[SUPPLIED RECORDS]
__________________________________________________

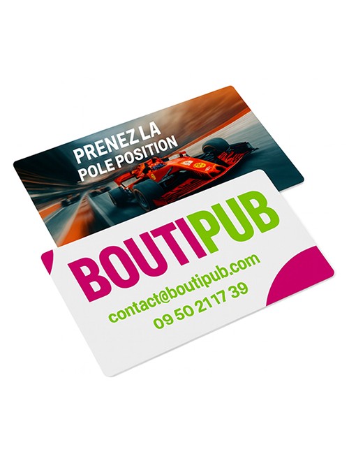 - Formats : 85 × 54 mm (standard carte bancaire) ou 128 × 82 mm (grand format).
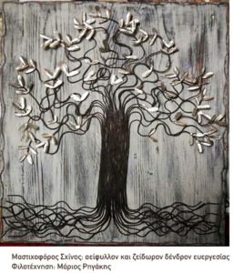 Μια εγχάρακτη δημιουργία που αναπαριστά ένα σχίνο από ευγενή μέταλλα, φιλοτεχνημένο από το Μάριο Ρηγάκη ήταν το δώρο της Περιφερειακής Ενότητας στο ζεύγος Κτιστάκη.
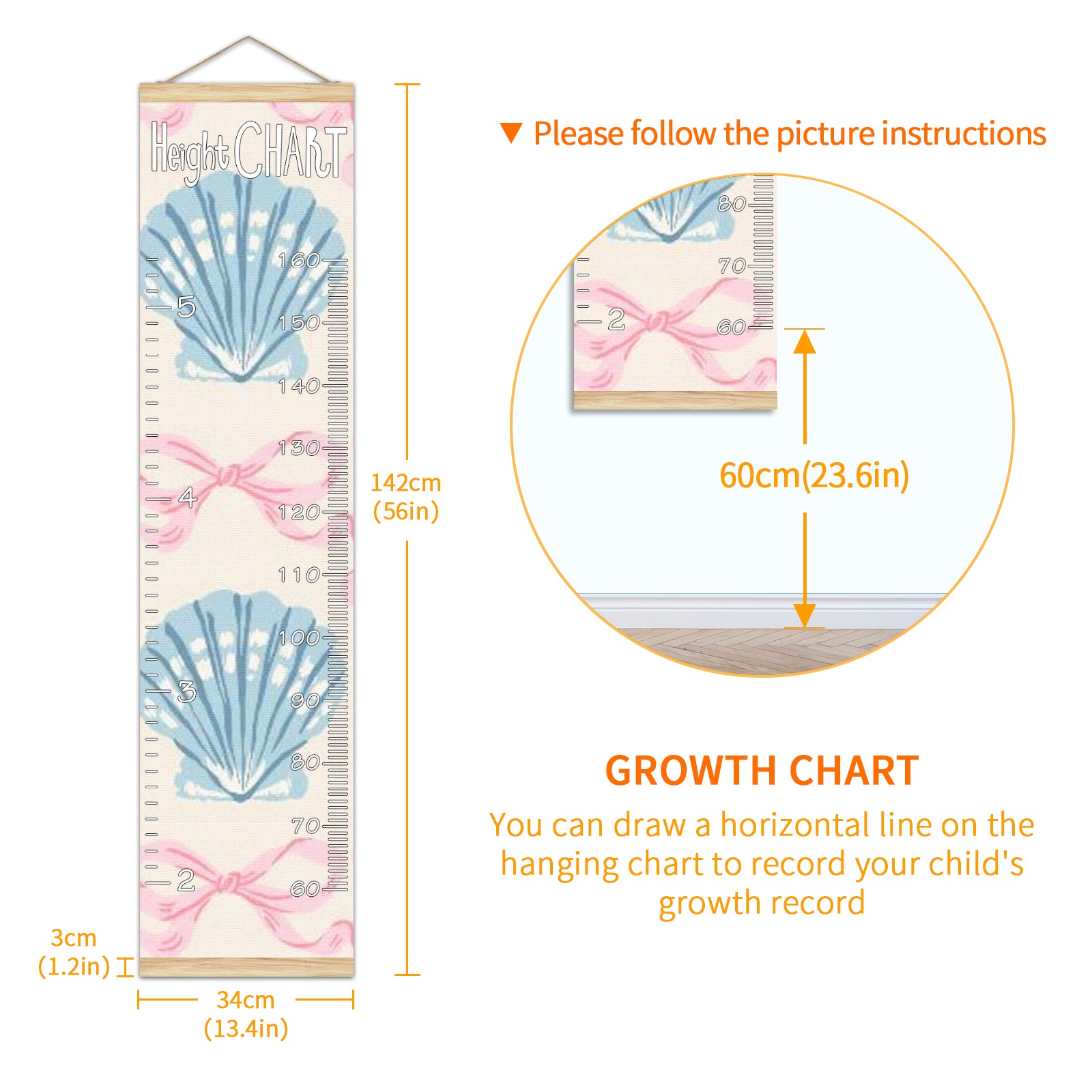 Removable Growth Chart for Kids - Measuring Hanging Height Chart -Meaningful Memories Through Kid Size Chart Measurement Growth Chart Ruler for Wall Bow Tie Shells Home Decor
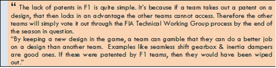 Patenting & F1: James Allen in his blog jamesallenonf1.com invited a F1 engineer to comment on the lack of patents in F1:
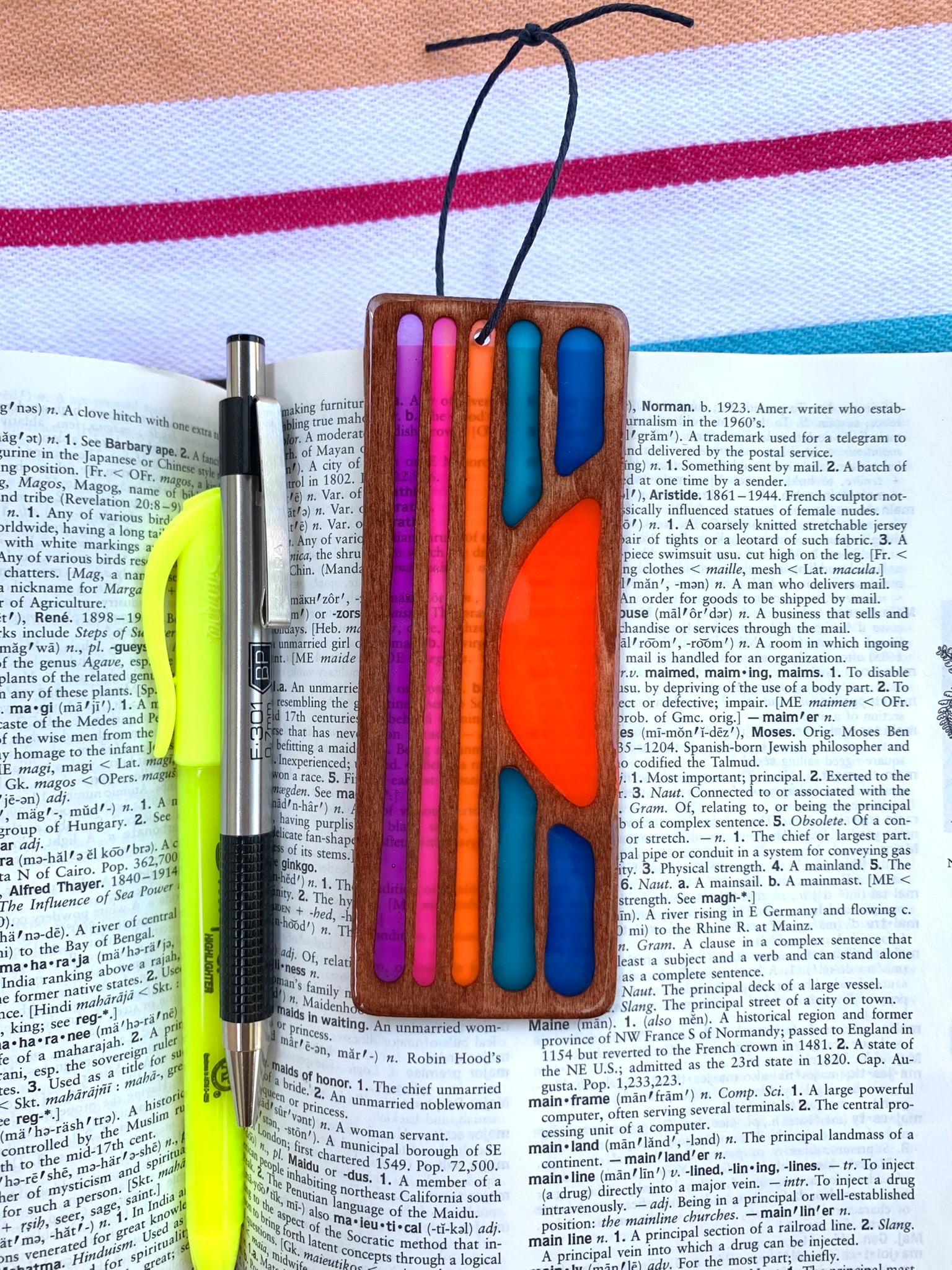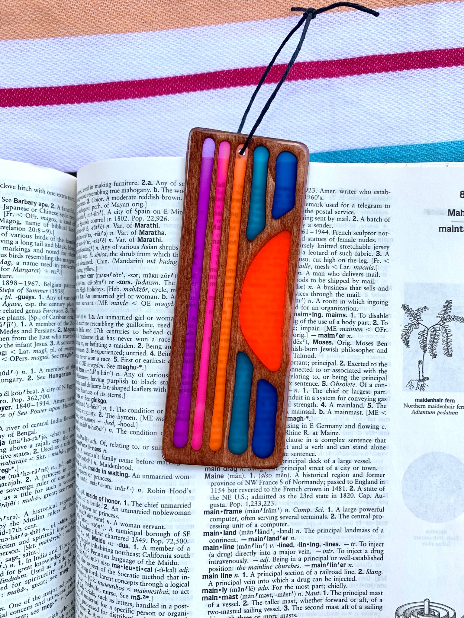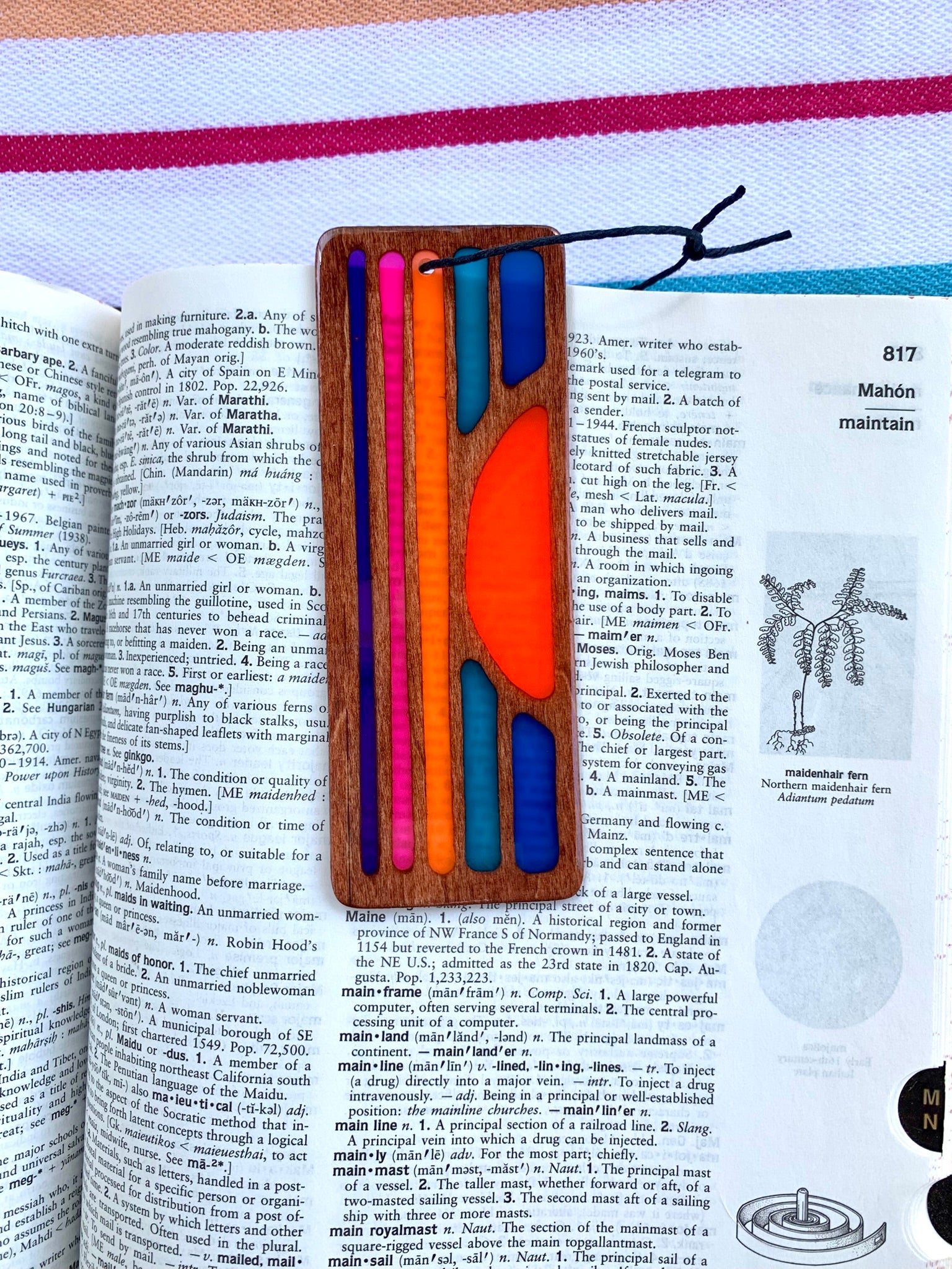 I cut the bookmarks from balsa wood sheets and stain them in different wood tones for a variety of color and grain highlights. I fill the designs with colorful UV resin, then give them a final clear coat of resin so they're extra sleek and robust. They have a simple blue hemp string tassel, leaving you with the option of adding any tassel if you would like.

__________________________________________________

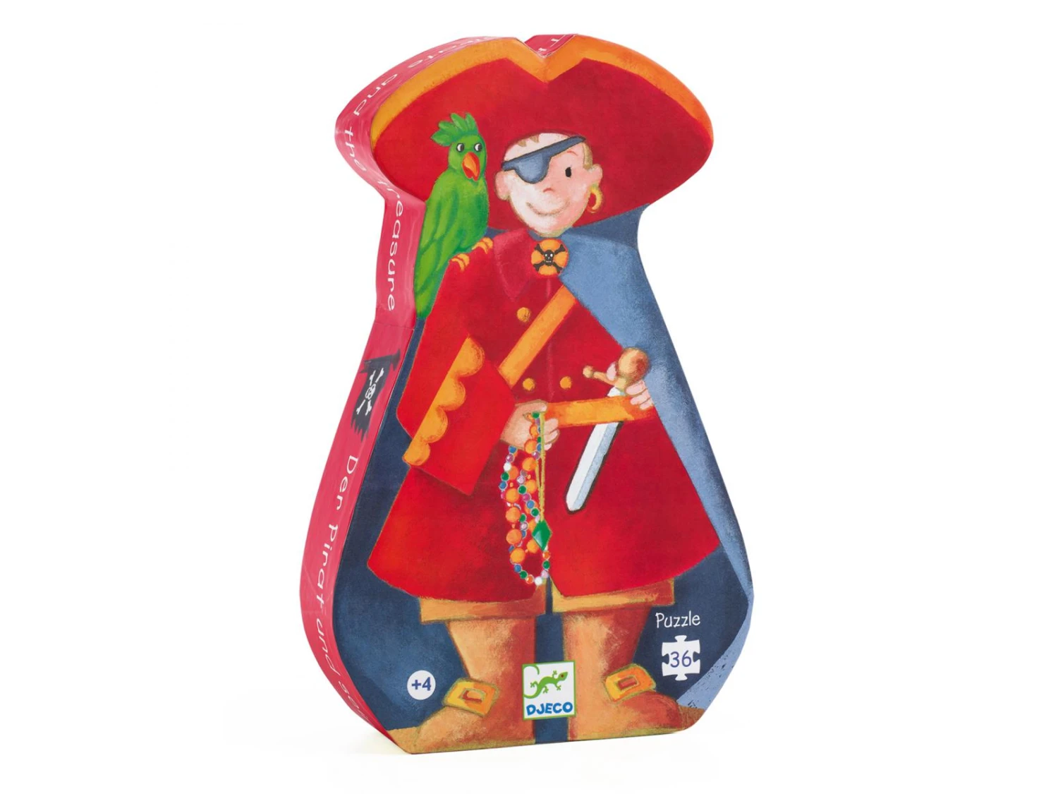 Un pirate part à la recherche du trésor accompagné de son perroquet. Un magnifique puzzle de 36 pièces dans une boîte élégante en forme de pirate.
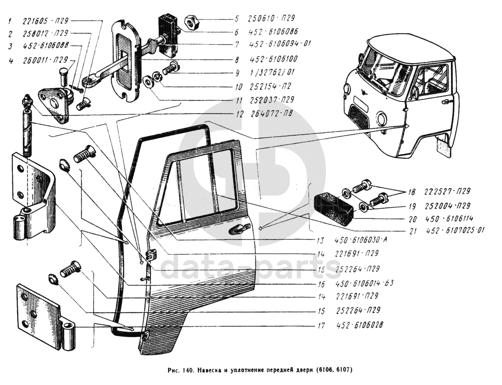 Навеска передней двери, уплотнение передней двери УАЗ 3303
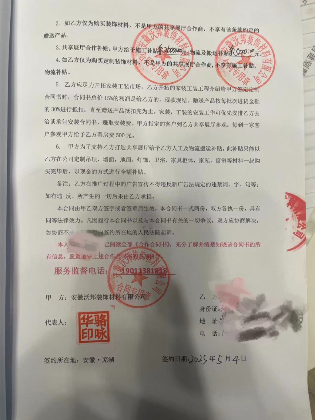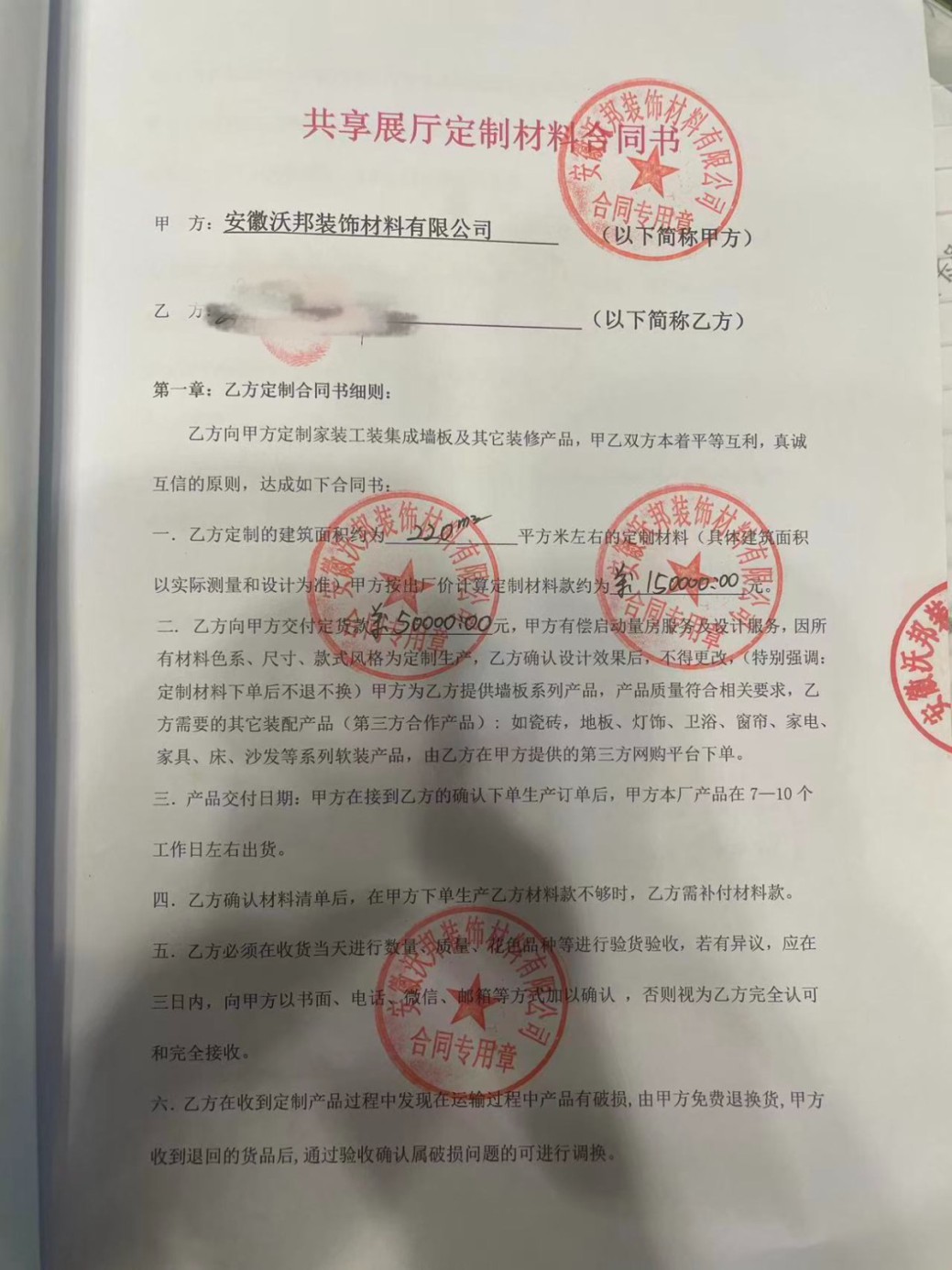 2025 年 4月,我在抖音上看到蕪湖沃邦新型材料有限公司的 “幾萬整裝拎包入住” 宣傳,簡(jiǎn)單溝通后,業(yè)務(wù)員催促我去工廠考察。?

__________________________________________________

[EXERCISE]
Exactly reproduce the lines above, starting at the one that contains "Μια εγχάρακτη δημιουργία" and ending at the one that contains "I cut the bookmarks", both inclusive; leave the pictures out and add no other lines.

[EXPECTED ANSWER]
 Μια εγχάρακτη δημιουργία που αναπαριστά ένα σχίνο από ευγενή μέταλλα, φιλοτεχνημένο από το Μάριο Ρηγάκη ήταν το δώρο της Περιφερειακής Ενότητας στο ζεύγος Κτιστάκη.
 Removable Growth Chart for Kids - Measuring Hanging Height Chart -Meaningful Memories Through Kid Size Chart Measurement Growth Chart Ruler for Wall Bow Tie Shells Home Decor
 Patenting & F1: James Allen in his blog jamesallenonf1.com invited a F1 engineer to comment on the lack of patents in F1:
 I cut the bookmarks from balsa wood sheets and stain them in different wood tones for a variety of color and grain highlights. I fill the designs with colorful UV resin, then give them a final clear coat of resin so they're extra sleek and robust. They have a simple blue hemp string tassel, leaving you with the option of adding any tassel if you would like.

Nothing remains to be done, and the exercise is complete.